I gave it a try on 3 hosts this evening. All three had their email
bounced, an example of which follows:

   ----- Transcript of session follows -----                                                                                           
... while talking to uk-mail-b.pkgsrc.org.:                                                                                            
>>> MAIL From:<toor@utu.seekingfire.prv>                                                                                               
<<< 553 sorry, your envelope sender domain must exist (#5.7.1)                                                                         
501 5.6.0 Data format error

These are internal hosts with no local users (one is a KDC, for example)
and they're not set up to masquerade the email domain. It seems like a
poor place to implement that sort of anti-spam measure -- I think you'll
end up missing a lot of potentially reporting hosts. I suspect it would
be much more effective to filter based on the message contents and
formatting (since you control that via pkgsurvey anyway).
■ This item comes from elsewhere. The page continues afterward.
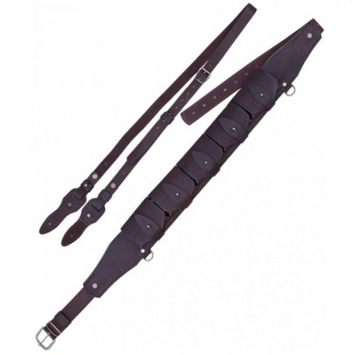 Патронташ "К-12 20 п-н пятиклапанный" на 20 патронов позволяет загрузить патроны, снаряженные в гильзы длиной от 70мм до 89мм. Оснащен клапанами для защиты патронов от непогоды. Украшен миниатюрами охотничьей тематики, нанесенными методом горячего тиснения.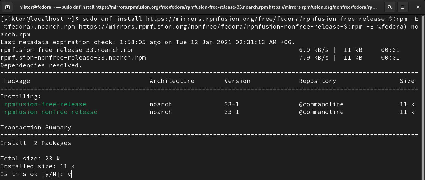 Configuring RPM Fusion is quite simple. Just run this long command.

I'd like to help with this sort of reporting, I think it's an easy way
for large numbers of pkgsrc-using folks to contribute in a useful
(albeit minor) way. However, it's beyond my personal threshold of
laziness/pain to set up masquerading on the affected hosts. The problem
is entirely on my end, I hasten to assure you, but I suspect that
removing that barrier will help you get the results that you're looking
for.

-T


-- 
"Everything flows and nothing stays."